Are you mad, mad, mad because other people are getting handouts, subsidies, benefits, tax breaks, rebates, refunds and entitlements, and you’re not? If not, you may be the only living American who believes that he/she isn’t being screwed, swindled, shortchanged, taken advantage of, exploited, played for a sucker and made to pay retail for everything.
Mitt Romney noted that the 47 percent of Americans who live off the government would never vote for him. In response, the 47 percenters (or the politicians who sought their votes) attacked the “1 percenters” who made too much money and paid too little in taxes. Campaigning at Colorado College last fall, President Obama told the crowd, “I’ve got your back!” implying that his opponent catered only to the outsized needs of the rich. Once re-elected, he joined Congress in ending the payroll tax cut that had benefitted members of the employed working and middle class. Now I know what the president actually meant: “I’ve got your back … pocket!”
To paraphrase George Orwell: “All Americans are subsidized, but some are subsidized more than others.” Success often means figuring out how to maximize your own benefits, and even block others who want to dip their snouts into the trough.
Take, for example, City Council’s recent decision to renege on the deal that their predecessors had made with SunShare, a local company that builds and operates community solar arrays.
Opponents of the deal seized on an apparently telling factoid: Utilities customers would have to fork over $22 million during the next 20 years to help fund it. Yep, poor working people would pay for rich enviros to buy feel-good solar panels that might reduce their electric bills to zero! Established manufacturers would be forced to leave town thanks to soaring utility rates!
Egged on by Council President Keith King, Council voted 5-4 to kick SunShare to the curb.

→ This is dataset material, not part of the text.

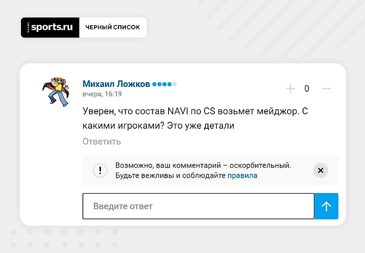 Помимо черных списков, мы добавили новую проверку содержимого при отправке комментариев – нейросетевая модель учится на комментариях, в которых ранее были обнаружены нарушения, и в случае достаточно высокой вероятности нарушения сообщает об этом пользователю. Мы рассчитываем, что комментарии Sports.ru будут местом для конструктивных обсуждений без перехода на личности.
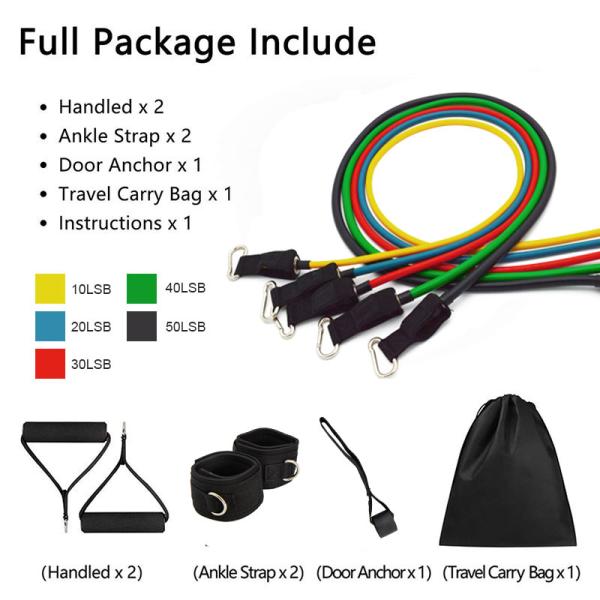 Including of handled*2, ankle strap*2, door anchor*1, travel carry bag*1 and resistance bands*5, 11 sets is

That’s fine, I guess, if you believe nothing could be better for economic development than driving fast-growing companies out of business or out of town. But SunShare screwed up — it shouldn’t have been so open and transparent about being subsidized.
The folks who rule that particular territory are sometimes subtle and indirect. They get big subsidies, profit handsomely, and no one understands what’s going on. Others have power, and know how to use it.

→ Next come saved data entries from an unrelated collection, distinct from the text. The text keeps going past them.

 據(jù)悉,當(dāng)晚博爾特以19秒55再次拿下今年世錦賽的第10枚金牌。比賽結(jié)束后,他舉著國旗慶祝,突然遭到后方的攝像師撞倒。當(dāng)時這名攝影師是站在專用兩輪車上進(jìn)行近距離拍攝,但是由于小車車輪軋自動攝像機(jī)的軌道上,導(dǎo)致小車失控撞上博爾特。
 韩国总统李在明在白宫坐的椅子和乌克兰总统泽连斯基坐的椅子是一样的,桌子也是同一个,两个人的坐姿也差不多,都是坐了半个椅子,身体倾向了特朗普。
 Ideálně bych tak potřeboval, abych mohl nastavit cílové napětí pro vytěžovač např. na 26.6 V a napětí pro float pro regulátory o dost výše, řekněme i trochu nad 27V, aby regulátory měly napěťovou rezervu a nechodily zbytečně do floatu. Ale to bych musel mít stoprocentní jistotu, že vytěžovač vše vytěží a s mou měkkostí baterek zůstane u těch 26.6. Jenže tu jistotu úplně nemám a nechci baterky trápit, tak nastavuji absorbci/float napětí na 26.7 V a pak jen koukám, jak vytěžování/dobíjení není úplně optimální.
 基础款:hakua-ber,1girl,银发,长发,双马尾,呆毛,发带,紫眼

Take Gary Erickson’s Copper Ridge development. The site wasn’t worth much until Erickson cut a complex deal with the city’s Urban Renewal Authority, which agreed to issue bonds supported by tax revenues from the development to extend Powers Boulevard to Copper Ridge.
Sounds like a good deal, doesn’t it? The city gets a road, Erickson gets access and the city foregoes tax revenues that otherwise wouldn’t exist.
That’s one way to look at it. But Erickson’s deal tilts the playing field to his advantage, vastly increasing the value of his dirt and enabling him to attract tenants like Bass Pro Shops. Copper Ridge will spin off tens of millions to Erickson and his partners, and may hasten the decline of nearby retail/commercial centers.
As one disgruntled property owner told me, “It’s as if you bought some land in western Kansas and the city built two interstate highways to service it — think the land might be worth a little more than you paid?”
And consider all the cross-subsidization that the city budget so precisely documents. During the next 20 years, Utilities customers will pay the city $710 million in direct subsidies, not counting inflation. This year’s payment of $35.5 million includes $31.7 million in “Utilities Surplus Revenues,” $2.7 million for staff in the city attorney’s office and services provided, and $1.1 million for audit services from the city auditor.
How exactly can a municipal enterprise have “surplus revenue?” We’ll leave the question to the King and his court. They will need some of it to make the $1.66 million yearly payment on the U.S. Olympic Committee bonds, not to mention funneling a similar amount to the Convention & Visitors Bureau. In an arrangement hallowed by time and power, the CVB gets two-thirds of the annual take from the city’s lodgers and automobile rental tax.
Ranchers know that the dominant horse feeds first, and the rest fall obediently in line. Dogs defer to the leader of the pack. Gary Erickson at Copper Ridge, Doug Price at the CVB, Scott Blackmun at the USOC — dominant horses, big dogs!
And David Amster-Olszewski? Who’s he, some 26 year-old Colorado College graduate? Don’t cut in line, boy! You’ll have to wait your turn — along with that Zuckerberg kid and his data center.